🤖 AI Summary
This work addresses the lack of rigorous non-asymptotic convergence guarantees for the PPO-Clip algorithm. We study a deterministic actor-only variant under softmax policy parameterization and *f*-divergence regularization. First, we establish non-uniform Lipschitz smoothness and the Łojasiewicz inequality for the policy objective function. Building on this, we prove global linear convergence under forward KL regularization and local linear convergence under reverse KL regularization. Our analysis overcomes key limitations of existing PPO theory—which often relies on asymptotic assumptions or critic-coupled conditions—by providing the first verifiable non-asymptotic convergence guarantee for an actor-only PPO variant. This significantly advances the optimization-theoretic foundation of PPO and rigorously confirms its ability to efficiently converge to the globally optimal policy.
📝 Abstract
Reinforcement learning (RL) has gained attention for aligning large language models (LLMs) via reinforcement learning from human feedback (RLHF).

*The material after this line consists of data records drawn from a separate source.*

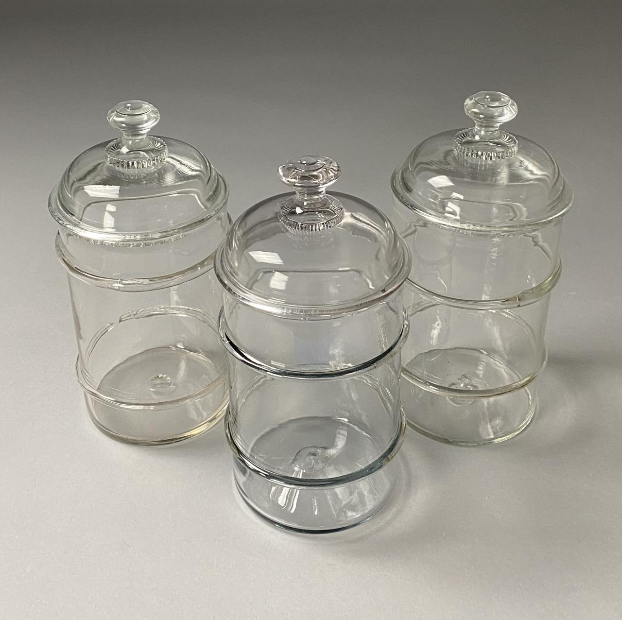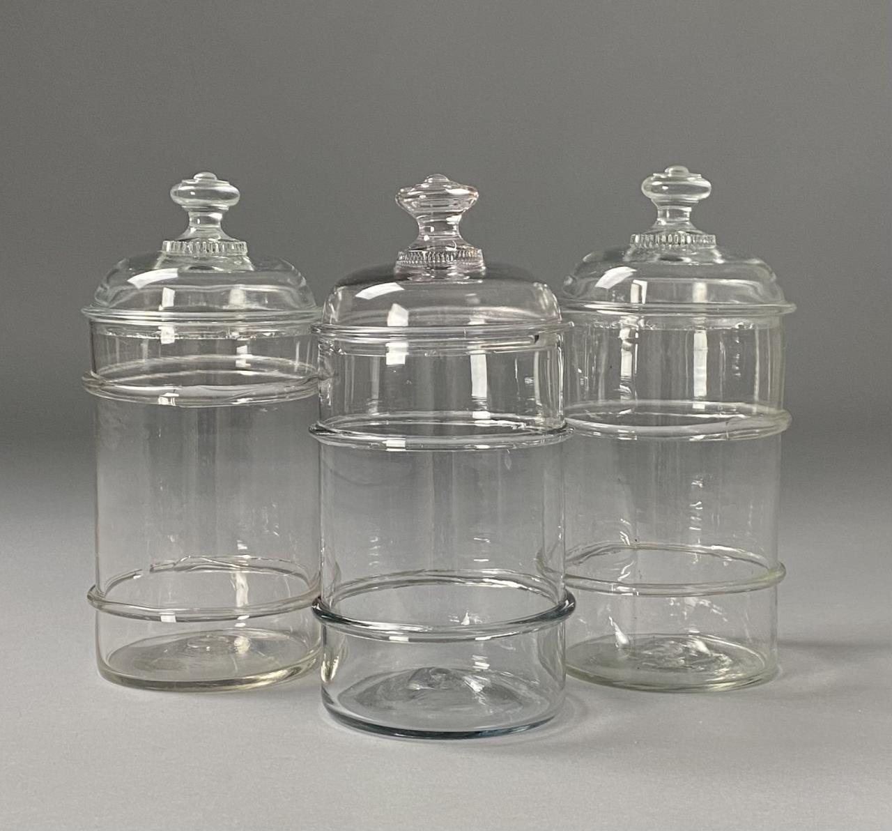 Three American Blown Glass Apothecary Jars & Lids
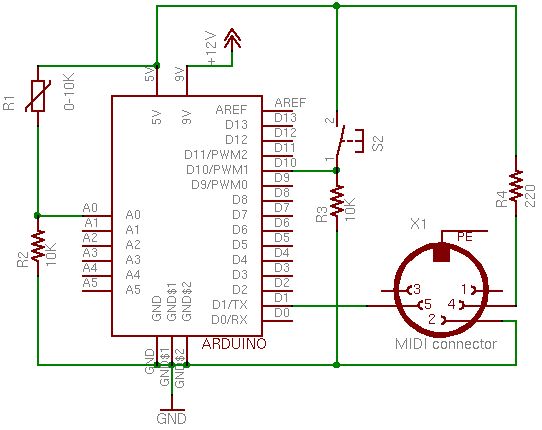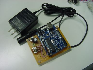 とりあえず、ソフトタイマーで周期的にMIDIが出たので、 ここ を参考にして、次には、アナログ入力に0-5Vの電圧を連続的に与えて、 MIDIコントロールチェンジで送れるかを試した。
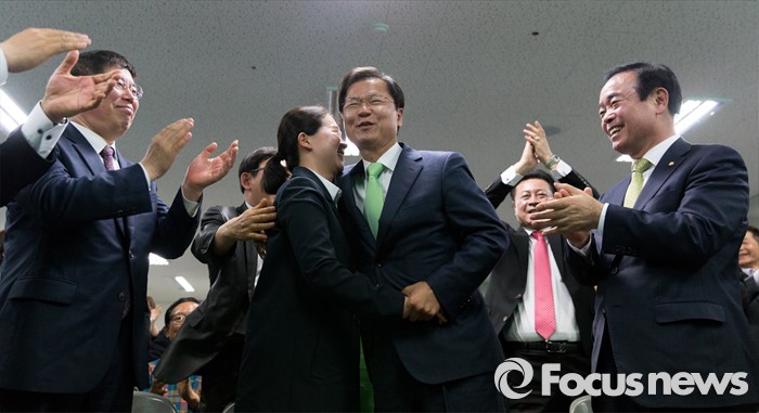 (광주=포커스뉴스) 제20대 국회의원 선거일인 13일 오후 광주 서구 국민의당 광주광역시당에서 천정배 국민의당 공동대표와 권은희 국민의당 광산구을 후보가 출구조사 결과를 보고 환호하고 있다.
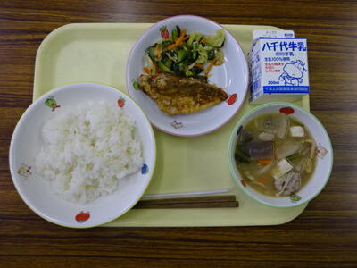 ・ご飯 ・鯵のピリ辛揚げ ・田舎汁 ・和風サラダ ・牛乳
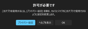 「プライバシー設定」画面を開いて、「カメラ」と「マイク」の許可を両方オンにしてください。
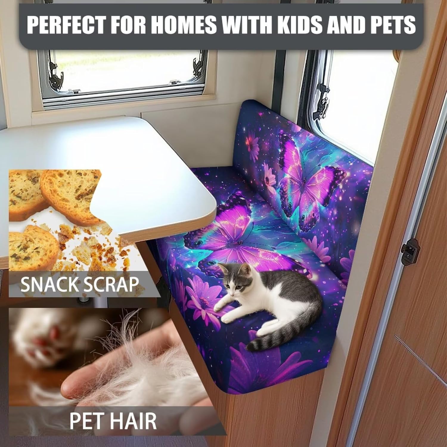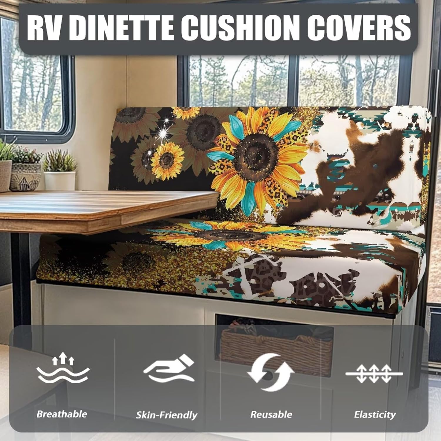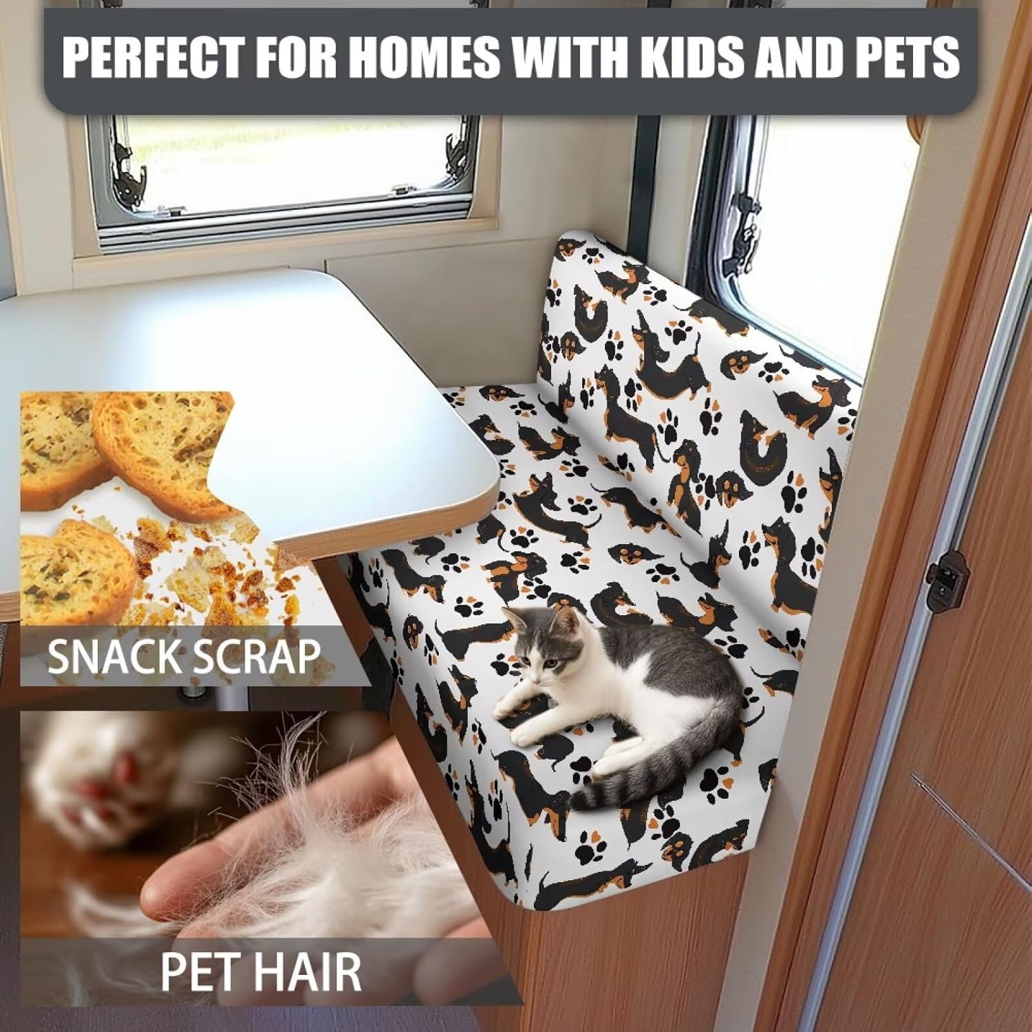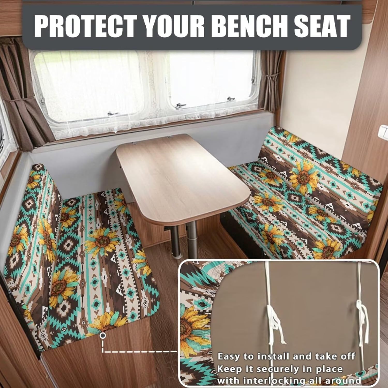 Specification Size : Please check our size chart before ordering Material: Polyester+Spandex Package: Two piece Feature This rv dinette cushion covers is made of polyester and spandex. Durable, wrinkle-resistant, anti-pilling, no need to worry about deformation after long-term use. Stretchy and strong enough to fit most the size of rv dinette cushions perfectly. Includes: 1x Bench cover and 1 x Backrest cover. Replacement camper cushions cover can fully protect your sofa cushion from everyday damage, such as accidental splashes, scratches, spills, and pet hair. Great choice for families with children and pets. Dress up your furniture with our cover to add aesthetic and vibrant sense for your RV Dinette Car Washing Instructions It is recommended to wash by hand and wash with cold water. Do not soak for a long time, do not bleach, and do not exposed to sunlight for a long time Notes We are committed to providing you with high quality products and excellent service. If you have any questions or need further information, please feel free to contact us
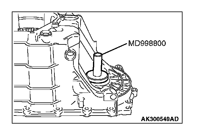 Use special tool MD998800 to tap the oil seal into the torque converter housing.
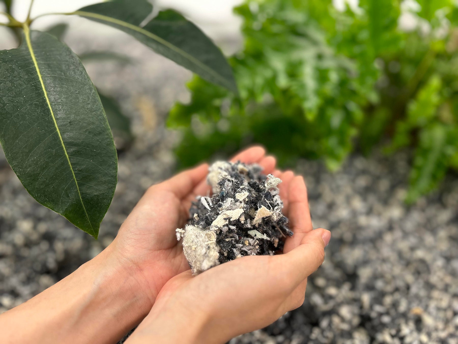 敷地内の植栽エリアには、ポリエステル繊維をリサイクルして生まれた土「TUTTI®」※を採用しました。同マンションに採用した「TUTTI」は、本来廃棄されてしまうサンゲツのカーテン生地を回収・アップサイクルしたオリジナル版です。
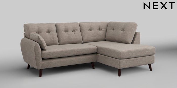 6.12.1 Buy Wilson Buttoned Back Medium Corner Chaise - Right Hand Boucle Chenille Light Natural Retro Tapered - Dark Brown from the Next UK online shop Click here to use our accessible website
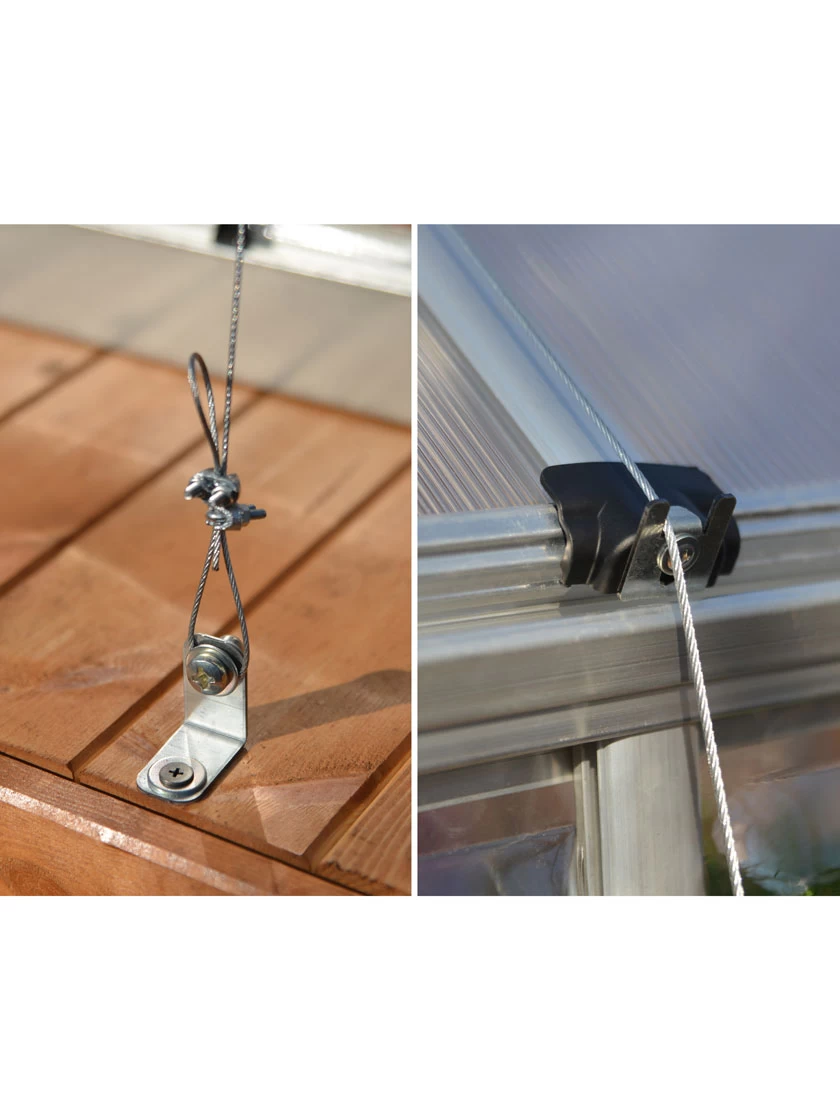 This Anchoring Kit adds extra protection against strong wind gusts, up to 62 mph. It is cleverly designed to fit your existing Palram –Canopia Greenhouse such as the Harmony, Nature, Mythos, Hybrid, Balance or Octave, and can be secured to the foundation of your choosing. This rugged and easy-to-use system gives you a series of steel cables with the necessary anchors and fasteners to keep your greenhouse snug and safe, right where you need it. If you live in an area with high winds or generally unstable weather, this simple system is a must-have. The cables simply go over the greenhouse, secured to the structure with a series of clamps, then secured to the ground with large stakes.
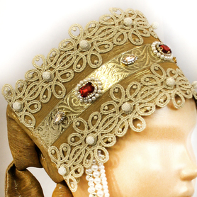 Кокошник выполнен из бархата (или атласа, на Ваш выбор), бусин белого и золотого цвета, пайеток, жаккардовой тесьмы, контрастной по цвету к фону.
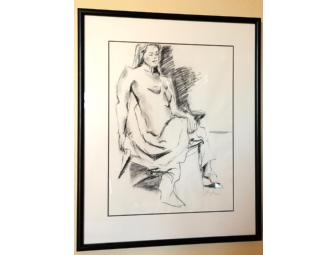 This female nude done in charcoal on paper is matted and framed in a simple black frame. The image size is 18" x 24". The framed size is 24.5" x 31.5". It was purchased and signed (circa 1992) by the artist in her studio.
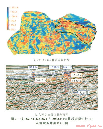 通過地震屬性分析、地震剖面刻畫進(jìn)行火山巖體輪廓追蹤識別及內(nèi)幕結(jié)構(gòu)精細(xì)解釋[10],可以清楚地看到DX182、DX1824井試采井段同屬“182”次火山巖體(圖3),其火山巖儲層的連續(xù)性好,這也從地質(zhì)上證明了DX182、DX1824兩口井連通。
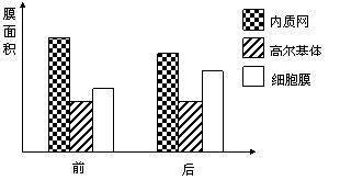 右图是某细胞在进行某生命活动前后几种生物膜面积的变化图,在此变化过程中最可能合成
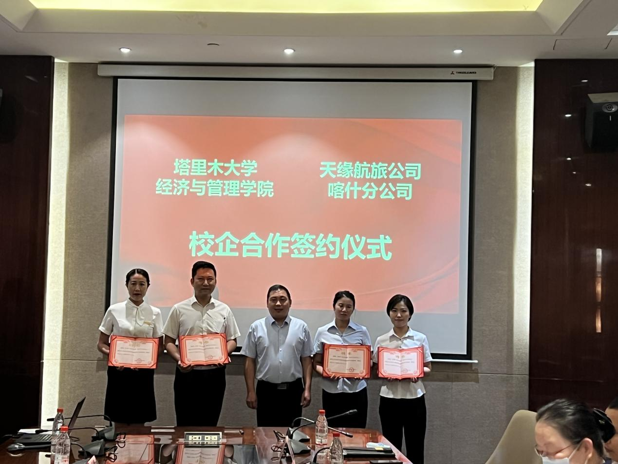蒋志辉、张青伟分别代表校企双方签订了旅游管理专业合作共建协议,为“塔里木大学校企合作基地”揭牌,蒋志辉向喀什机场贵宾部张雪薇、航食业务部汪旭东、喀什天缘国际酒店安全服务部龙燕君和行政人事部乔阳歌颁发了经济与管理学院旅游管理专业兼职教师聘书。(文/摄:马丽霞)

The actor-only variants of Proximal Policy Optimization (PPO) are widely applied for their efficiency. These algorithms incorporate a clipping mechanism to improve stability. Besides, a regularization term, such as the reverse KL-divergence or a more general (f)-divergence, is introduced to prevent policy drift. Despite their empirical success, a rigorous theoretical understanding of the problem and the algorithm's properties is limited. This paper advances the theoretical foundations of the PPO-Clip algorithm by analyzing a deterministic actor-only PPO algorithm within the general RL setting with (f)-divergence regularization under the softmax policy parameterization. We derive a non-uniform Lipschitz smoothness condition and a Łojasiewicz inequality for the considered problem. Based on these, a non-asymptotic linear convergence rate to the globally optimal policy is established for the forward KL-regularizer. Furthermore, stationary convergence and local linear convergence are derived for the reverse KL-regularizer.